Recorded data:
Content starts
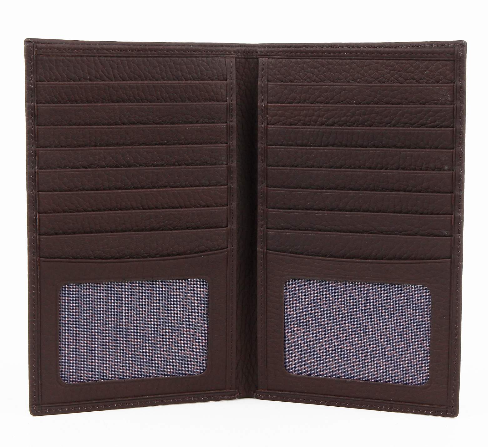 Портмоне из натуральной кожи коричневого цвета. Модель для тех, кто пользуется кредитными карточками чаще, чем купюрами. Внутри двадцать отделений для кредиток, десять слева и десять справа.Под ними прозрачные карманы(слева с пластиковым окошком, справа с сеткой). Сверху большой карман для наличности с фактурной и крепкой подкладкой. В комплекте брошюра о компании и гарантия производителя. Характеристики товара:Отделения для купюр — 1; закрывается — без застёжки; Отделения для карточек — 20; Внутренние отделения — 2
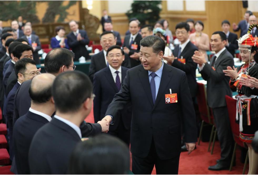 3月10日下午,中共中央總書記、國家主席、中央軍委主席習近平參加十三屆全國人大二次會議福建代表團審議。(圖片來源:央視新聞客戶端)
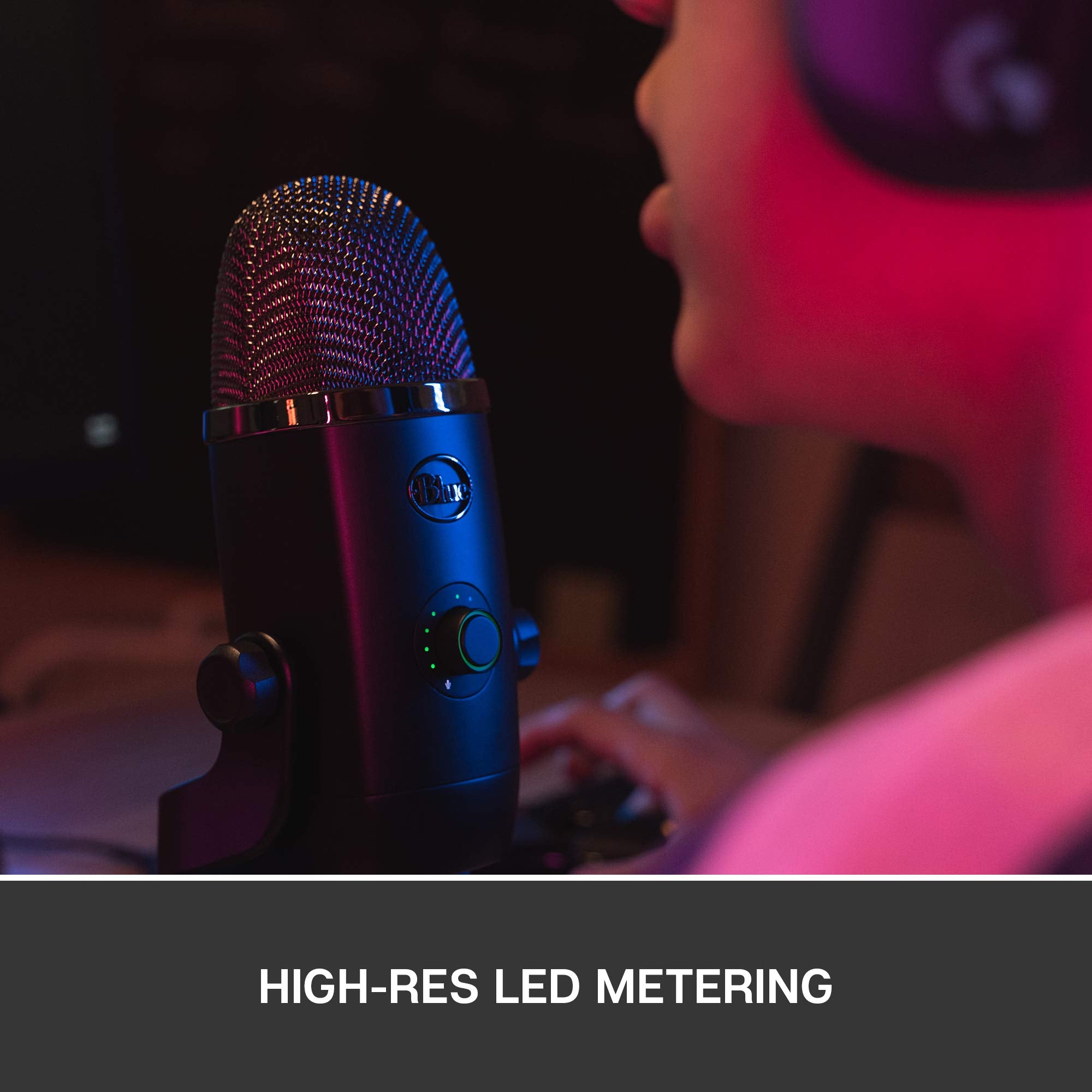- High-res LED metering - visualize your voice level with the Yeti x Microphone 11-segment LED meter. At a glance you can check if your voice level is too high or too low and adjust accordingly.
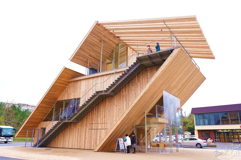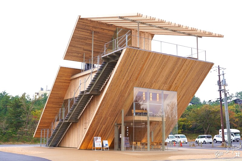鳥取沙丘對面還有個特別的「Takahama Cafe 高濱咖啡廳」,這是由隈研吾操刀的大作!
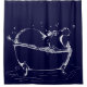 Hippo Bath Fun Illustration Navy Blue Shower Curtain
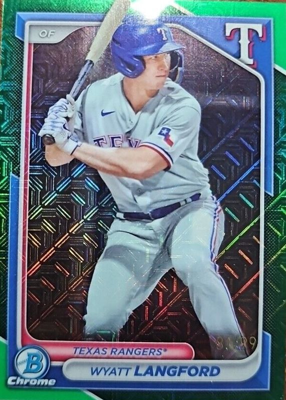 2024 Bowman Chrome Wyatt Langford Green Shimmer 81/99 Texas Rangers #BCP-64
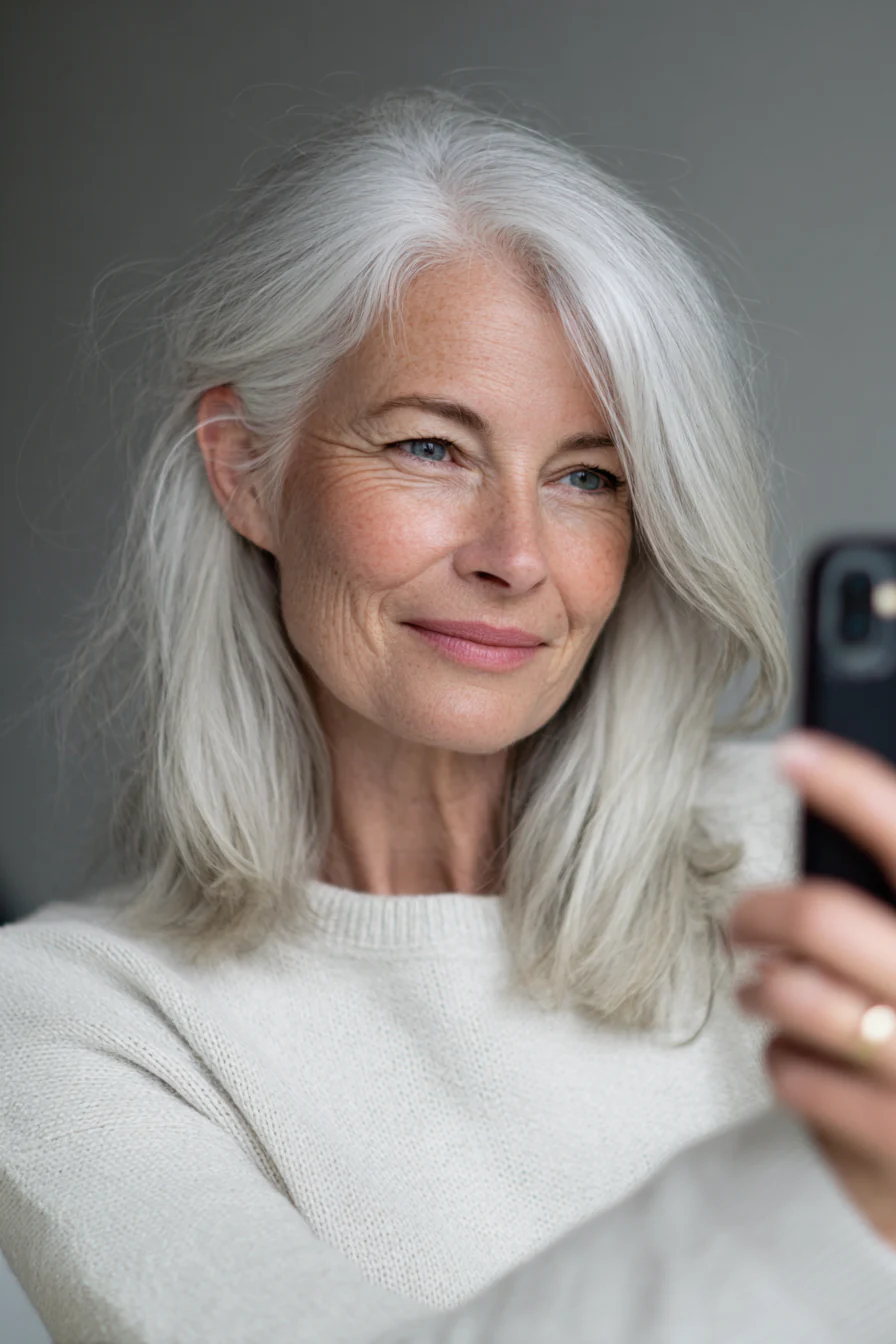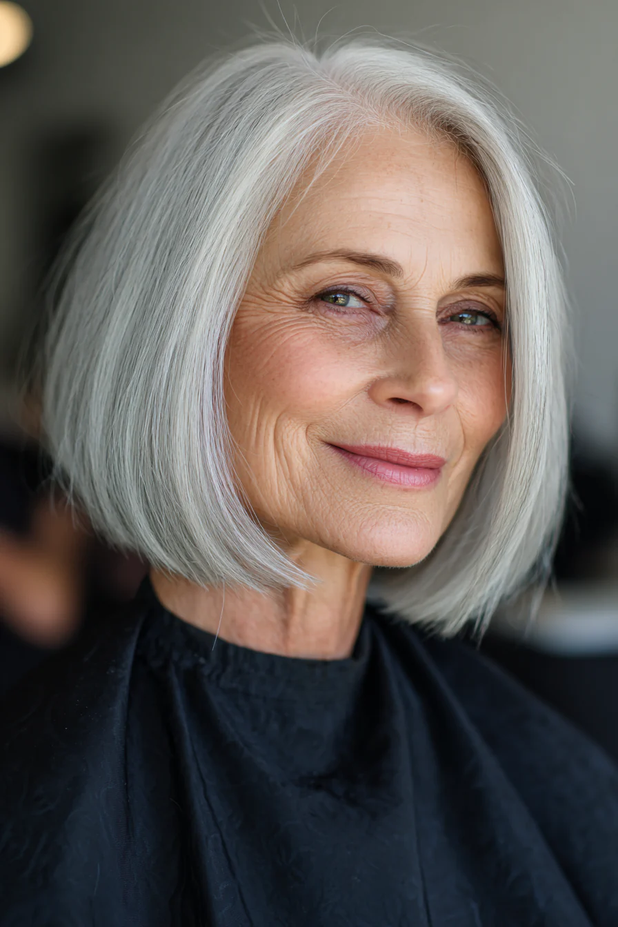 Простая, чистая форма средней длины помогает белой седине выглядеть максимально аккуратно и «дорого». Это вариант для тех, кто любит минимализм и не хочет сложных линий.
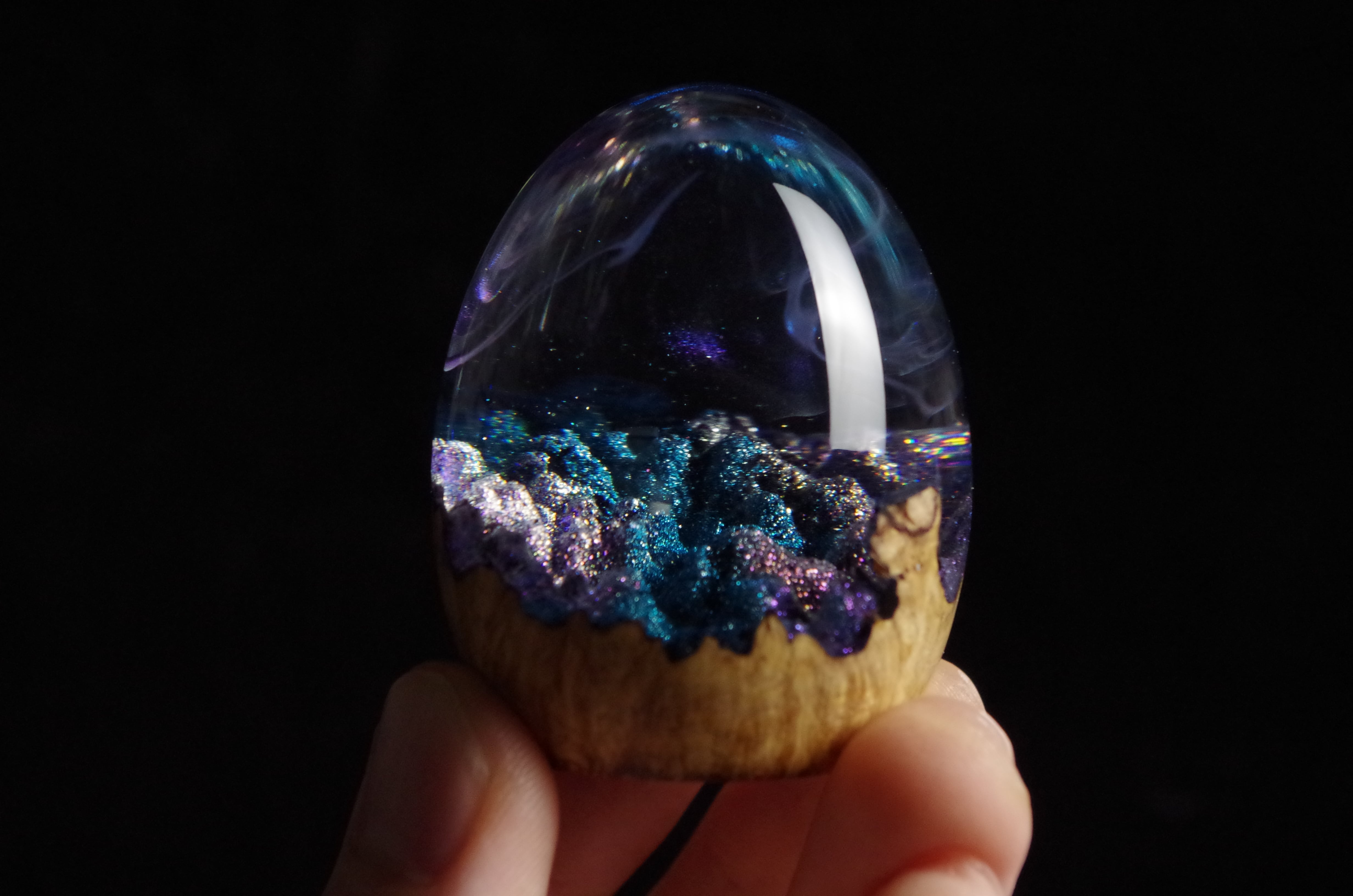 作品内部は景色をイメージし製作しており、より鮮明に魅せるためレジンの透明度と艶にこだわって仕上げました。
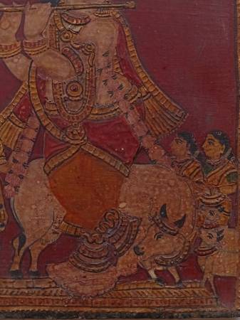 Antique Indian Tanjore Painting of Krishna as Venugopala
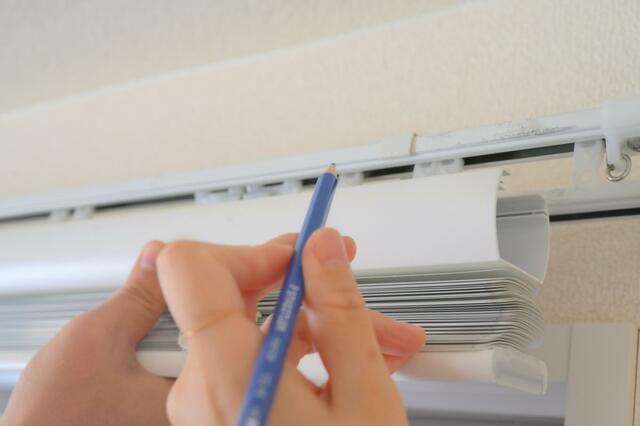 まず、備え付けカーテンレールに取り付けたいブラインドの枠を合わせ、「FABJERG」を設置する位置に目印をつけます。
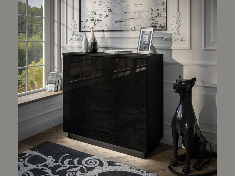 Komoda z czterema szufladami i oświetleniem LED na czarnych nóżkach Nuveo Czarny połysk
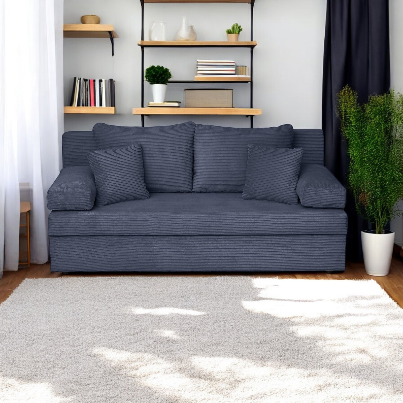 Canapea ANA LUX extensibila, 3 locuri, cu lada depozitare, albastru, 185x82x80 cm
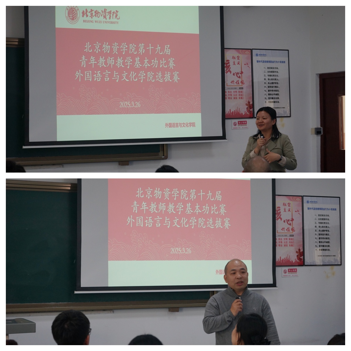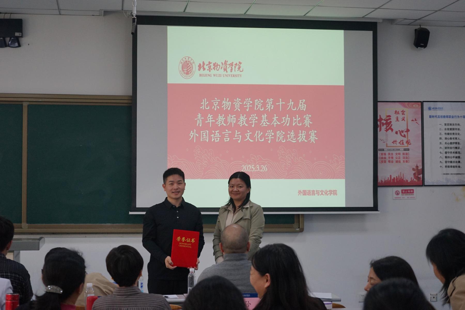 2025年3月26日下午, av 在二教203教室成功举办了av 第十九届青年教师教学基本功大赛院内选拔赛,共有4名青年教师做了精彩展示。校工会常务副主席荀萍、教务处副处长陈娟亲临现场观摩比赛。荀萍主席在赛前做了简短发言,充分肯定了av 对本次比赛的重视和前期准备,同时也对青年教师们寄予了厚望,希望老师们尽快成长。av 党总支书记李华、院长王淑花、副院长李海英、任丽丽、及全体教师均在现场观看了比赛,比赛由分工会主席裴姝娟主持。
Content ends
Required work:
Line for line, output the entries above from the line with "2024 Bowman Chrome" to the line with "Canapea ANA LUX", both included, and nothing more. Skip pictures.

Result of this task:
 2024 Bowman Chrome Wyatt Langford Green Shimmer 81/99 Texas Rangers #BCP-64
 Простая, чистая форма средней длины помогает белой седине выглядеть максимально аккуратно и «дорого». Это вариант для тех, кто любит минимализм и не хочет сложных линий.
 作品内部は景色をイメージし製作しており、より鮮明に魅せるためレジンの透明度と艶にこだわって仕上げました。
 Antique Indian Tanjore Painting of Krishna as Venugopala
 まず、備え付けカーテンレールに取り付けたいブラインドの枠を合わせ、「FABJERG」を設置する位置に目印をつけます。
 Komoda z czterema szufladami i oświetleniem LED na czarnych nóżkach Nuveo Czarny połysk
 Canapea ANA LUX extensibila, 3 locuri, cu lada depozitare, albastru, 185x82x80 cm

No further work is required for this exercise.